Semantic Definition Lookup
In this use case, one has found a data element (a column in a table in a database for example, or a field in a report) and wants to understand what it means. By defining the semantic links properly, Talend Data Catalog can trace back through the physical data flow (as long as there is no transformation which would change the meaning) to an element that is mapped to a term in the glossary and thus find a useful definition.
The caveat that the above only works “as long as there is no transformation which would change the meaning” implies that some subset of the fields in your reports will not provide a semantic definition. The trace will simply stop at the transformation and never get to a model (again likely the data warehouse) that has semantic lineage.
So, in addition to this method of “trace through the dataflow as long as there is no transformation which would change the meaning”, there is another which is search based or name matching based. In this case, if there is a field in a report named “Net Account Amount” and it does not have a good data flow trace without transformation, one could still create a term in the glossary named “Net Account Amount”. When requesting a data element definition lookup in that case, Talend Data Catalog will perform a search for that term and report its definition, even without a clean lineage trace. In most case, it will be necessary to fill in the blanks in some of these cases by adding terms to the glossary.

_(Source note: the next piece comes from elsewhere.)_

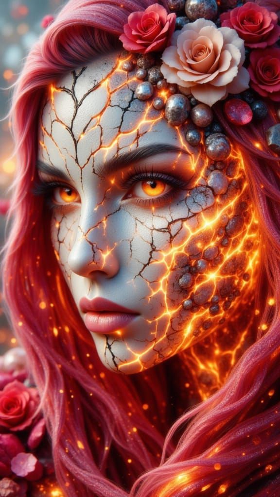 This striking portrait features an Aztec goddess with intricate gothic and leopard-inspired face paint, glowing skin, and iridescent details. Presented in a hyper-realistic, 5D pop-up style.

Of course, it is quite possible that no term directly matches the report field by name. In this case, one may define a direct object relationship like a term Is Defined by relationship from a term in the glossary to the field in the report. The advantage of this approach is that one may control precisely what the preferred definition will be versus the name matching method. Also, it provides a definition, even though there may not be a data flow trace that does not contain transformations. Hence, it is the preferred method for fields for which there is no equivalent in the warehouse or lake (i.e., calculated in the report) and there is no term or multiple terms that match by name.
All these types of semantic definitions can be turned on/off in the customized presentation UI semantic usage widget, meaning the users can select what kind of semantic definition they want to see on the Overview page when you have customized it to show the widget, but not what is used for Documentation (Name and Business Definition).
To summarize, there are several methods used to provide an answer to a definition lookup.
The preference for which result is used is based upon a ranking system that is in descending order in the list above. Thus, a DOCUMENTED result gets preference over CLASSIFIED, etc, for the Name and Business Definition.
Example
Navigate to AccountAmountAvailable, which is a column in the GLAccount table in the Dimensional DW in the demo.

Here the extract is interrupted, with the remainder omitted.